Problem statement
Only the lines below from the one with "Este 24 y 25" through the one with "高速主轴中心出水旋转接头:采" are to be written out, exactly and without any images.

Information supplied
*****

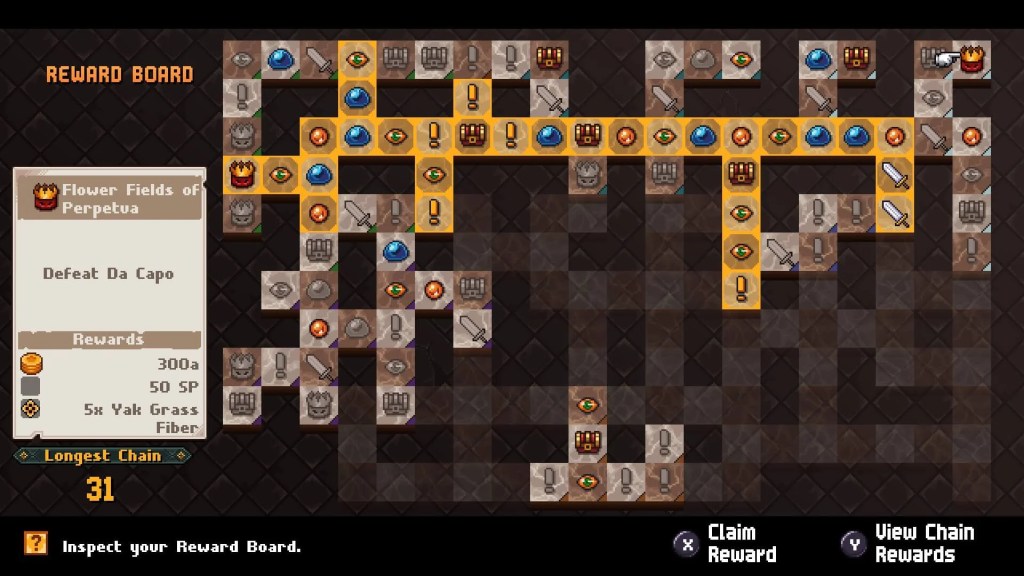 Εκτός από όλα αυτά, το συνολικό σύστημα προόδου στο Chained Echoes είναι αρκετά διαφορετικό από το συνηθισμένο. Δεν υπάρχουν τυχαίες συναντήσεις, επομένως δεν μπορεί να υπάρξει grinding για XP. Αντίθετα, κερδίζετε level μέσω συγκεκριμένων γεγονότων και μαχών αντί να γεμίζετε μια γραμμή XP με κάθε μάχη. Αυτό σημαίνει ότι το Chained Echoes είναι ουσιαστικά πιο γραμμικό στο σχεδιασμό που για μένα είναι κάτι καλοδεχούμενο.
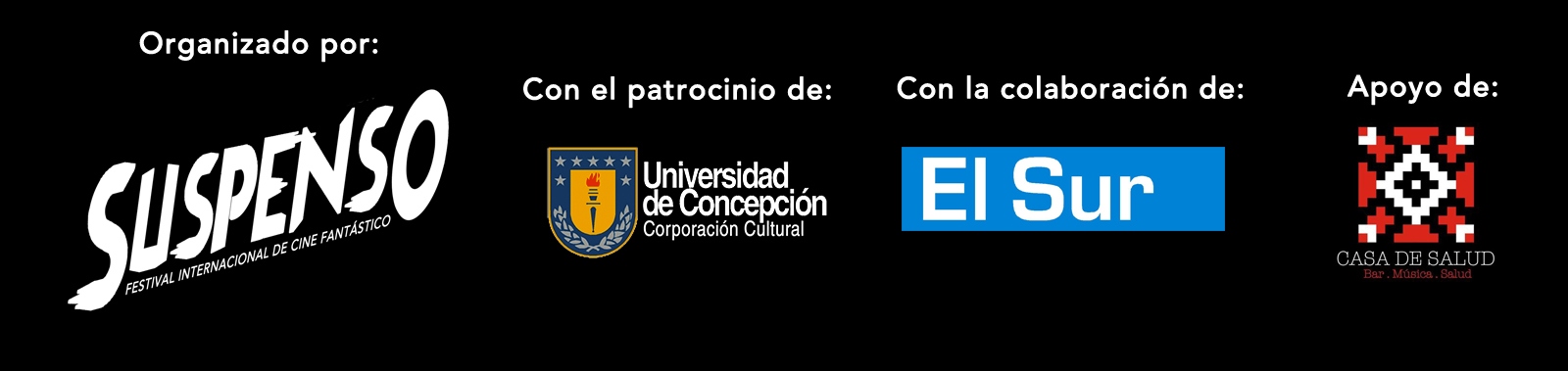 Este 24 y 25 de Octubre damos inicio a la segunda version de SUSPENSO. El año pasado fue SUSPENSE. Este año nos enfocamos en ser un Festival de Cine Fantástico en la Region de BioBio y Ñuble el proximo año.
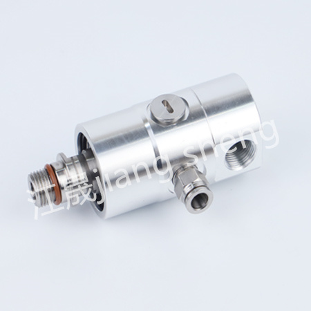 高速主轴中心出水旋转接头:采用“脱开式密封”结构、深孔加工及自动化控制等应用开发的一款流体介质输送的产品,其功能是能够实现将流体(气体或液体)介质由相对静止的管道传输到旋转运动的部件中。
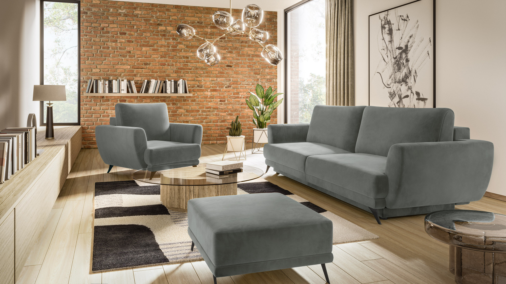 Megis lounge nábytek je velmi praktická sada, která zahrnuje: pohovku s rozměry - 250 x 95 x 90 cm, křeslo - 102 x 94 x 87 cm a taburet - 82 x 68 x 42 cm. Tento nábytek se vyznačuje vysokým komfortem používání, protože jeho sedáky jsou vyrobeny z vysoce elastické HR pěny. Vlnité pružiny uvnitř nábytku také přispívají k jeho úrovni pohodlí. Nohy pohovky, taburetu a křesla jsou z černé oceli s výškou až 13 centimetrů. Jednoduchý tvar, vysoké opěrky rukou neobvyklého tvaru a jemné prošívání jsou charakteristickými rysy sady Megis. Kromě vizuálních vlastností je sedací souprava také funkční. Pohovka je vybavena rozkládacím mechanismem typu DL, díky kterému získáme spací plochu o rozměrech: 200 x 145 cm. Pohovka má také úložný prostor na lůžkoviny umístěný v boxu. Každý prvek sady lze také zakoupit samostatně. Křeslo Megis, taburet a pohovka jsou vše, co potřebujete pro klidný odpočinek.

*****

Reply
 Este 24 y 25 de Octubre damos inicio a la segunda version de SUSPENSO. El año pasado fue SUSPENSE. Este año nos enfocamos en ser un Festival de Cine Fantástico en la Region de BioBio y Ñuble el proximo año.
 高速主轴中心出水旋转接头:采用“脱开式密封”结构、深孔加工及自动化控制等应用开发的一款流体介质输送的产品,其功能是能够实现将流体(气体或液体)介质由相对静止的管道传输到旋转运动的部件中。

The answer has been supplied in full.